The records:
• • • • • • •
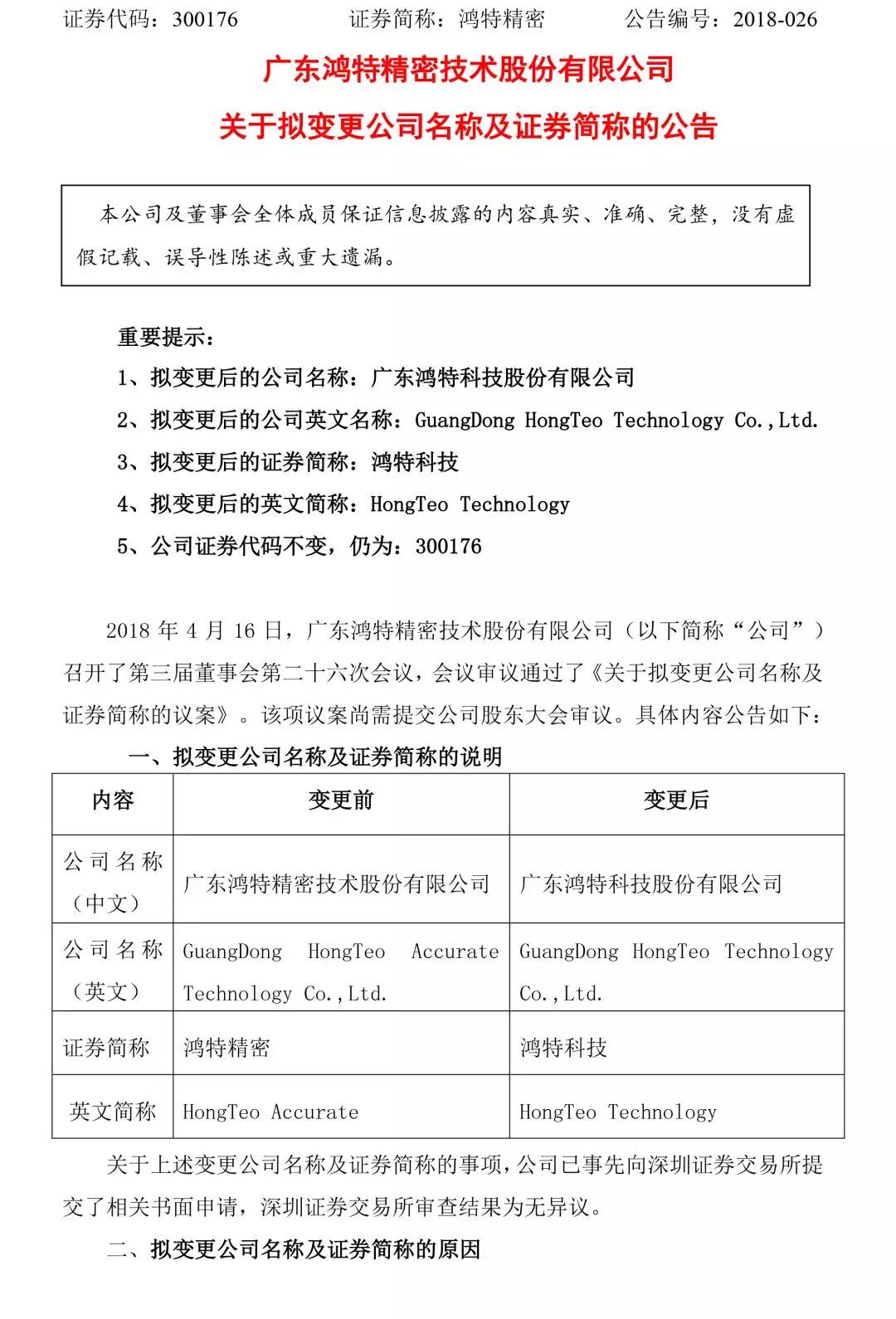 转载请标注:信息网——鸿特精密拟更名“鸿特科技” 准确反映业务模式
• • • • • • •
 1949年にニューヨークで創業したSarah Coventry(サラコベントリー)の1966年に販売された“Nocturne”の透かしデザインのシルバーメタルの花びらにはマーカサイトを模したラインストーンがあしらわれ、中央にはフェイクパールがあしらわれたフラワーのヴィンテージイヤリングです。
• • • • • • •
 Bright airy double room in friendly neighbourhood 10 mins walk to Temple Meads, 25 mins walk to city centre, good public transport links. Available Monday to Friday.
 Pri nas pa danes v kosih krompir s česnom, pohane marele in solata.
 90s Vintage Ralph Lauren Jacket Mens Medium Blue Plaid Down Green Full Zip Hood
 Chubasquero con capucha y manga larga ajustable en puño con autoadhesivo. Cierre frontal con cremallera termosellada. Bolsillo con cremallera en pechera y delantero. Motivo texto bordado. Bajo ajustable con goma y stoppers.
• • • • • • •
Problem to solve: All that belongs in your answer is the stretch of entries above from the line with "Bright airy double" through the line with "90s Vintage Ralph", printed exactly.

Solution below:
 Bright airy double room in friendly neighbourhood 10 mins walk to Temple Meads, 25 mins walk to city centre, good public transport links. Available Monday to Friday.
 Pri nas pa danes v kosih krompir s česnom, pohane marele in solata.
 90s Vintage Ralph Lauren Jacket Mens Medium Blue Plaid Down Green Full Zip Hood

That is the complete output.